Friday, October 27, 2006

THE PROJECT FOR A NEW AMERICAN SANDWICH SPREAD

Overwhelming feedback from my last post regarding the current president's nostalgic pangs for Peanutty Koogle. Sarah at the NuTang Institute, which evidently promotes the resurgence of the Apollo Space Program's stalwart vitamin C delivery system, writes:

Chocolate and peanut in a spread?!
I can see why he likes it!

Oh it was a tasty treat alright. Designed during the glory years of "The Project for a New American Sandwich Spread", or "P-NASS", a corporate think tank weary of a robust, politically aware post-war citizenry ingesting fresh and nutritious foodstuffs. There were many other petroleum byproducts engineered into lovable snack digestible, although only one survives in it's original molecular build.

Cheez Whiz, which should be known more for the alarming namesake medical condition it precipitates rather than it's own consumable property, was a marketing phenomenon. It's murky origins have long been the stuff of dark rumour and stand up comedy, and tales of it's reverse-engineered origins following the Roswell incident are constantly denied by both P-NASS and the FDA.

In his autobiography "It's Soylent Yellow, People" Chick Daney, R&D team leader at the Kraft skunkworks facility at LaBrea, California, described the moment Cheez Whiz was green lit as a viable substitute for nutrition:

"All the suits from The Project for a New American Sandwich Spread were breathing down our necks for a final polymer build that they could take to market. My team was pretty sure we had a winner as a heat shield fastener for the proposed shuttle program, but flavor testing was coming back negative. Running out of time, we went next door to where Marlboro was testing it's latest menthol line and grabbed a sample group. It turned out they had negatively impacted salivary glands as well as concave taste buds, and over half the group committed suicide not long after trials. We passed the Whiz around on wax paper squares. Out of the 75 tested, 94% stated without equivocation that, and this was completely un-coached, the Whiz "tasted like P-NASS". Or at least that's how we wrote it up. The suits from the Project creamed themselves over that one, saw it as a sign from Jesus or something, and ran with it."
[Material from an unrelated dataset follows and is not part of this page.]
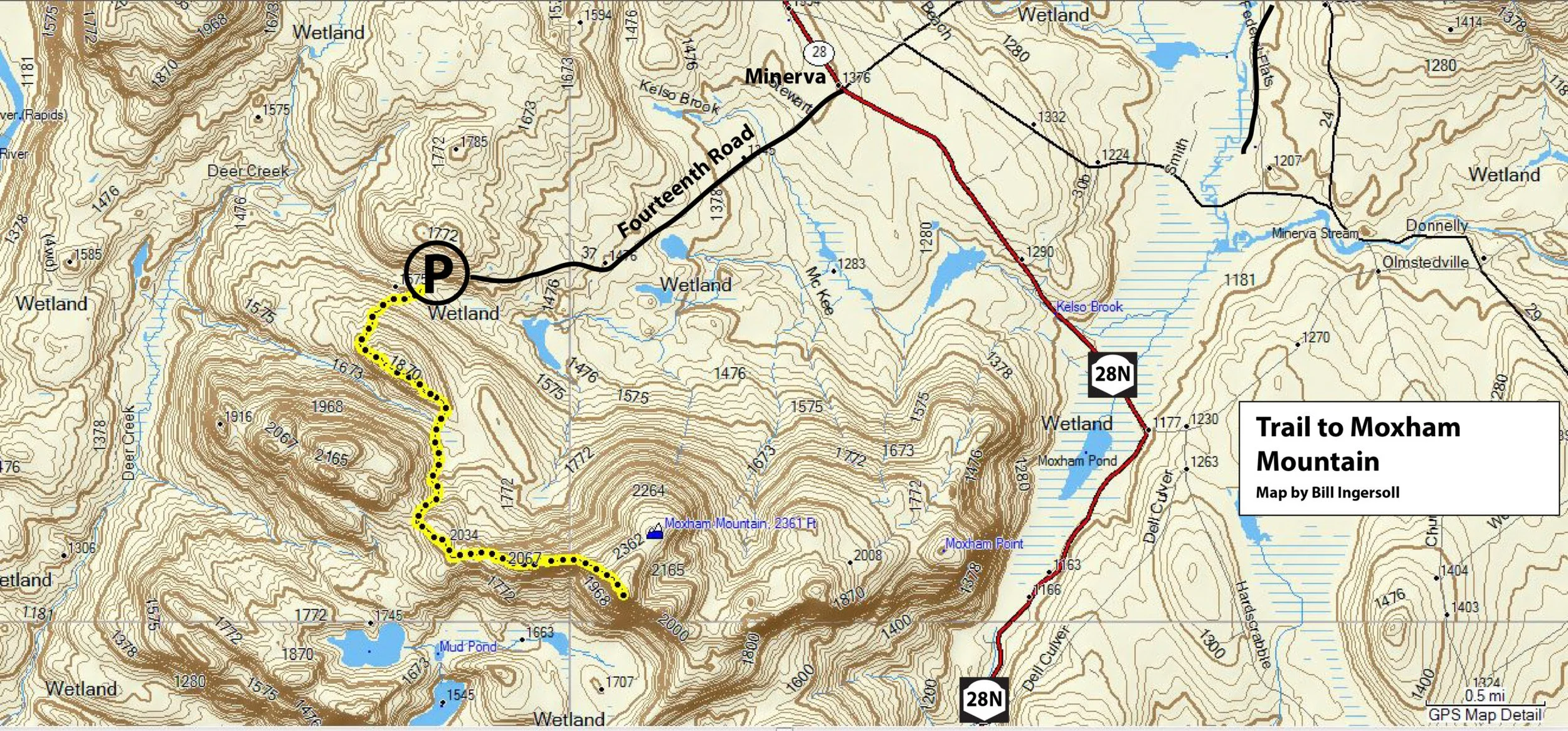 Follow NY 28N to the hamlet of Minerva, located in southern Essex County. From the four corners in the middle of town, turn southwest onto Fourteenth Road, so named because it leads into Township 14 of the old Totten and Crossfield Purchase. This dead-end road starts off as a paved county byway but eventually turns to gravel, dropping into the valley at the northern foot of the mountain. The trailhead for Moxham is 2.1 miles from Minerva, and it is plowed in the winter. Moxham Mountain is in the Vanderwhacker Mountain Wild Forest.
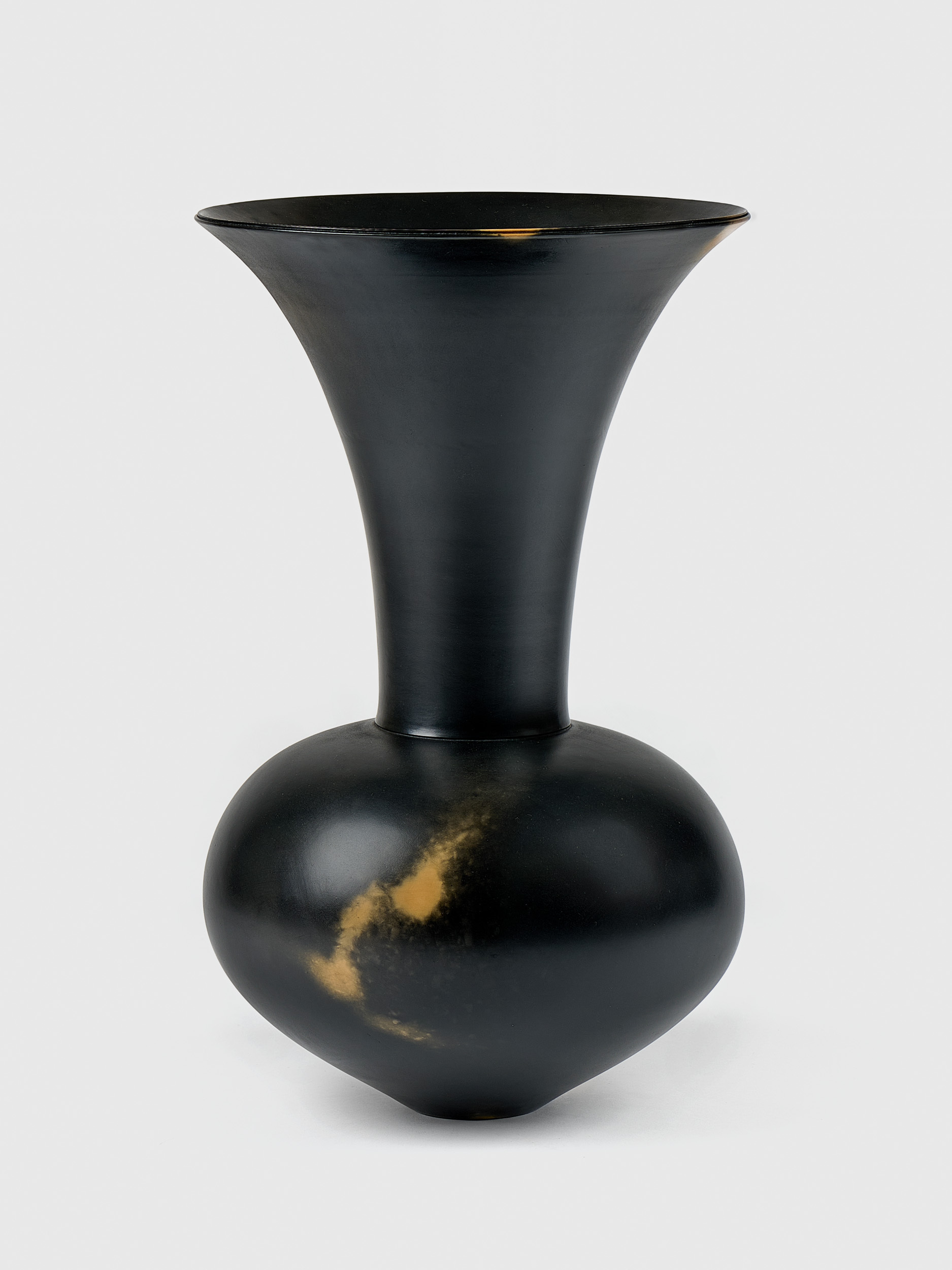 At the heart of the exhibition is a recent series of ceramic vessels, a form that has been a cornerstone of Odundo’s practice for nearly five decades. These vessels, refined in shape and rich in symbolism, draw inspiration from a wide array of global ceramic traditions—African, European, Asian, and Indigenous American – as by the human body, which Odundo likewise regards as a vessel. Her work carries a distinct anthropomorphic presence: gestures, physical states and bodily movements often serve as starting points for a vessel’s form, silhouette, proportion or balance. As one of the oldest and most universal of human-made objects, vessels transcend time, geography and culture. Moreover, they are rich with dualities: inside and outside, fullness and emptiness, fragility and strength. These oppositions echo the deeper conceptual themes in the artist’s oeuvre, such as transition, identity and cultural hybridity. For Odundo, the vessel is more than a physical object. It is an archetypal and elemental form through which to articulate relationships – between materials, histories, cultures and individuals.

Cheez Whiz changed a) the way Americans thought about food, and b) the way other people thought about Americans. Koogle essentially followed the same marketing plan but never came close to dethroning the Whiz. Other challengers included the now infamous "Shitzel", the Marshall Plan-ending West German "SchadenFood" (sold as "Die Jest" outside Europe), and the gastrocidal Hungarian curdfest "Wheya Dareya".